The foundation of our work begins with the idea that robot existence must be modeled probabilistically. Robots, like humans, are subject to physical laws and can be damaged or destroyed by both random and intentional events. In the extreme environments posed by space exploration, military operations, firefighting, and nuclear cleanup, the likelihood that robots will be injured is amplified. In many situations, the danger posed is so great that a single robot expected to perform adequately in these scenarios must be designed to mitigate every conceivable circumstance. Clearly, this task is either very difficult or impossible for most operations.
Although the focus of our work is fundamental, we believe the ultimate measure of success of any robotic system should be evaluated in terms of doing useful work out in the world. For this reason, we have chosen to apply our work to the task of Distributed Mapping of Urban Environments. The unique feature of our distributed mapping system, and the eventual metric of our success, will be its ability to doggedly pursue this task when faced with multiple robot failures.
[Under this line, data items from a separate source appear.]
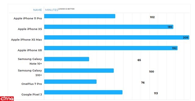 به گزارش سیتنا، با توجه به آنکه توجه غولهای تکنولوژی و شرکتهای تولیدکننده موبایل در سالهای اخیر بر روی افزایش مدت زمان شارژدهی گوشیهای هوشمند و ارتقای کیفیت باتری بوده است، حالا کارشناسان و تحلیلگران فعال در حوزه فناوری با انجام تحقیقات و بررسیهای جدید گزارش جدیدی را منتشر کرده اند که نشان میدهد آیفون ۱۱ پرو در مقایسه با سایر گوشیهای آیفون عملکرد باتری بهتر و موفقیتآمیزتری را به نام خود به ثبت رسانده است.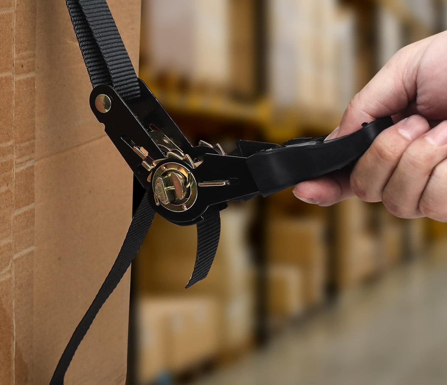 Pas transportowy z grzechotką został zaprojektowany z myślą o szybkim i bezpiecznym mocowaniu ładunku.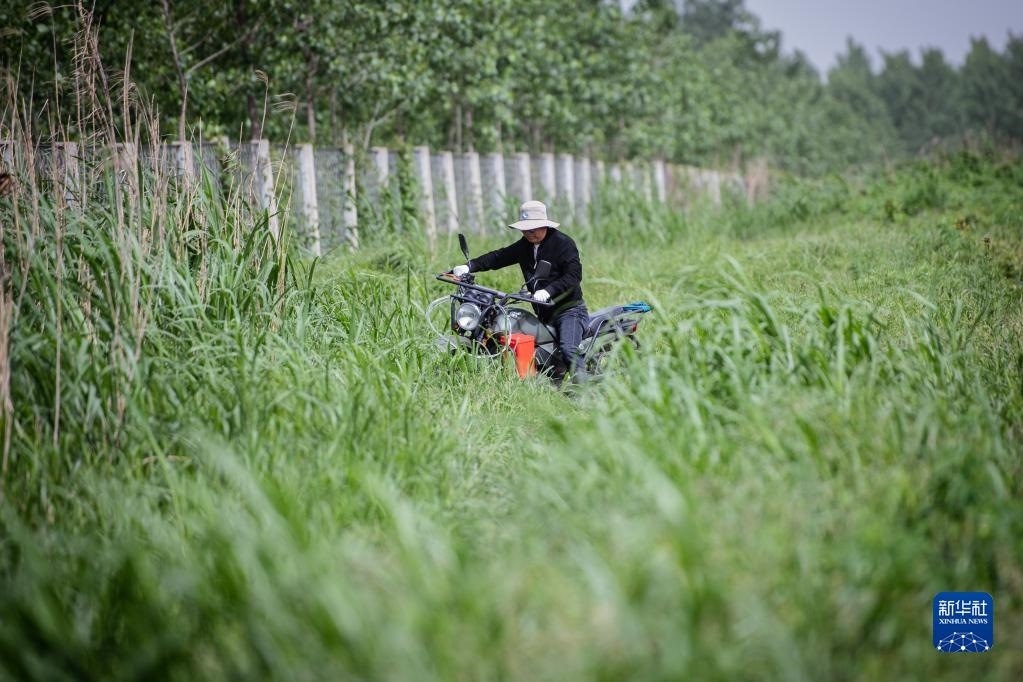 4月29日,在石首麋鹿國(guó)家級(jí)自然保護(hù)區(qū),巡護(hù)員王傳軍騎車(chē)在齊腰高的野草中巡邏。   新華社記者 伍志尊 攝

Our initial demonstration, tentatively scheduled for the Fall of 2001, will be to deploy ten small robots into a "mock-up" of an urban facility. These robots will form a colony whose sole purpose is the generation of a map of this area. After an initial period during which basic distributed mapping operation is demonstrated, our sponsors will be asked to "disable" robots of their choice and observe the reaction of the colony to this loss. This process will continue until critical mass is lost and the colony is unable to function in terms of its primary mission. Thus, observers will be given an "on-line" demonstration of how our system adapts to multiple and catastrophic failures.